» Problem requirements: In the data below, the copy begins at the line containing "ポケットwifi レンタル 14日" and runs through the last line; repeat those lines exactly, minus the pictures.

» Data provided:
____
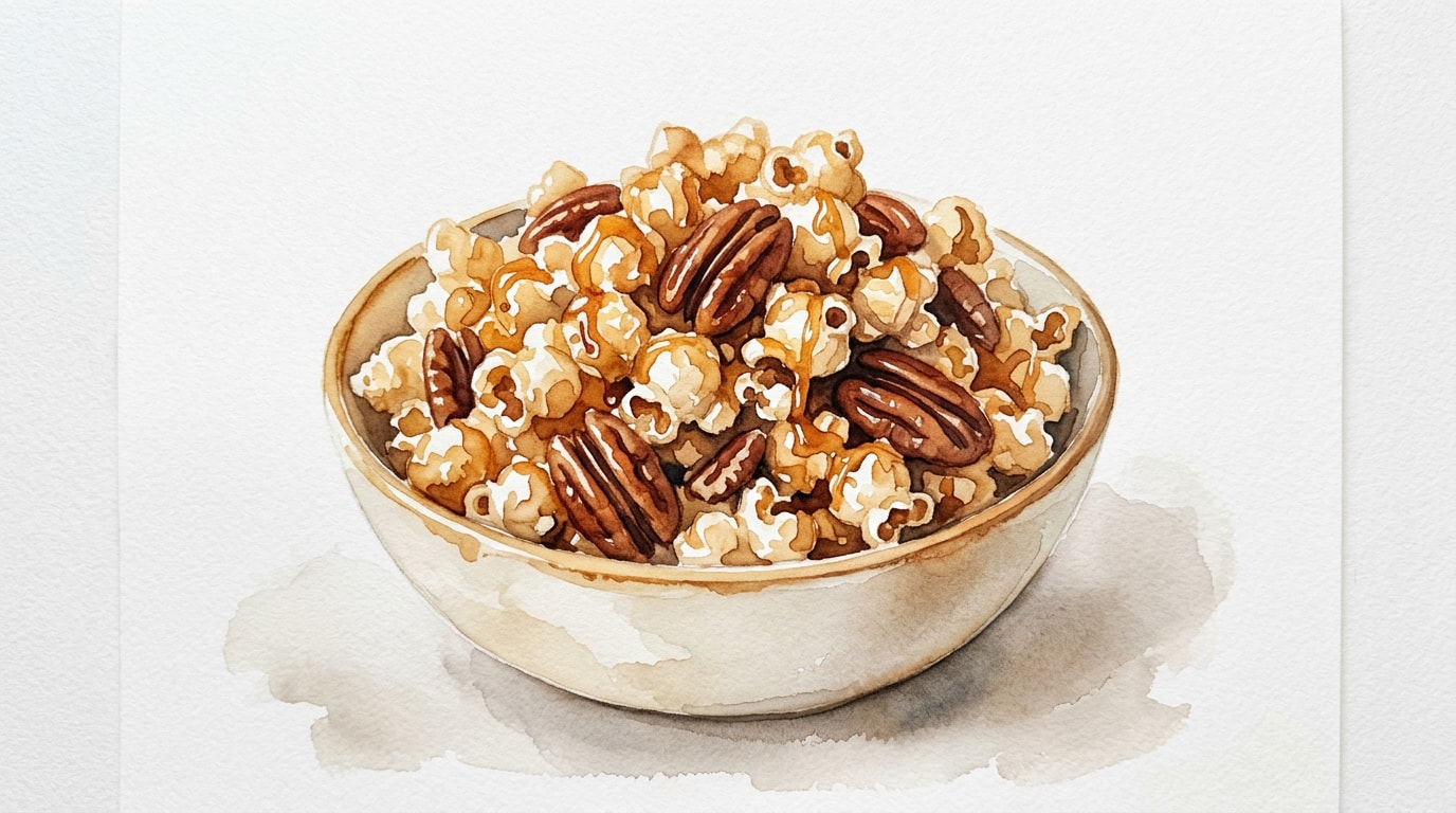 Quickly pour the foaming hot caramel over the popcorn and pecans in the mixing bowl. Toss vigorously with the silicone spatula until the mixture is evenly coated. Work fast before the caramel begins to set.
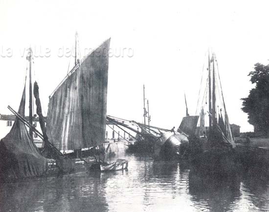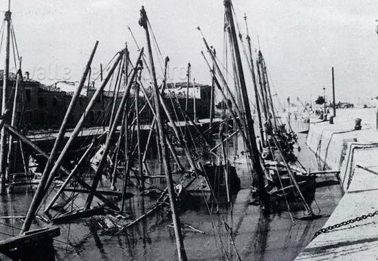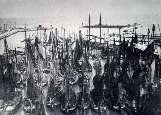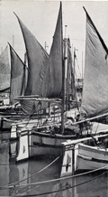 Barchetti al riparo nel bacino di stazionamento del Porto di Fano, anni 1920-1930 (da AMADUZZI, 1984)
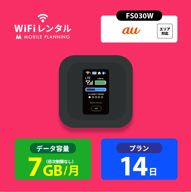 ポケットwifi レンタル 14日 wifi レンタル ポケットwi-fi レンタルwifi 2週間 wi-fiレンタル 短期 au 7GB FS030W
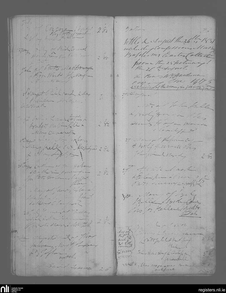 Ballinrobe; County of Mayo; Archdiocese of Tuam. Baptisms, Marriages, July 1851 to Sep. 1851
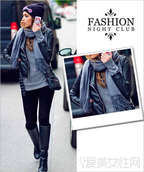 【搭配技巧】:灰色针织衫+皮衣外套+黑色打底裤+黑色中靴
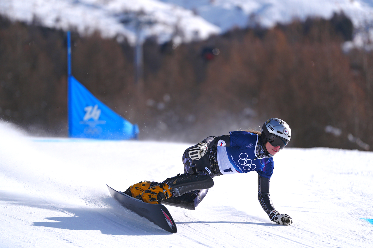 | 8일 올림픽 3연패에 도전한 체코의 에스터 레데츠카가 스노보드 여자 평행대회전 경기를 펼치는 모습. [게티이미지] |
____
» Result for this exercise:
 ポケットwifi レンタル 14日 wifi レンタル ポケットwi-fi レンタルwifi 2週間 wi-fiレンタル 短期 au 7GB FS030W
 Ballinrobe; County of Mayo; Archdiocese of Tuam. Baptisms, Marriages, July 1851 to Sep. 1851
 【搭配技巧】:灰色针织衫+皮衣外套+黑色打底裤+黑色中靴
 | 8일 올림픽 3연패에 도전한 체코의 에스터 레데츠카가 스노보드 여자 평행대회전 경기를 펼치는 모습. [게티이미지] |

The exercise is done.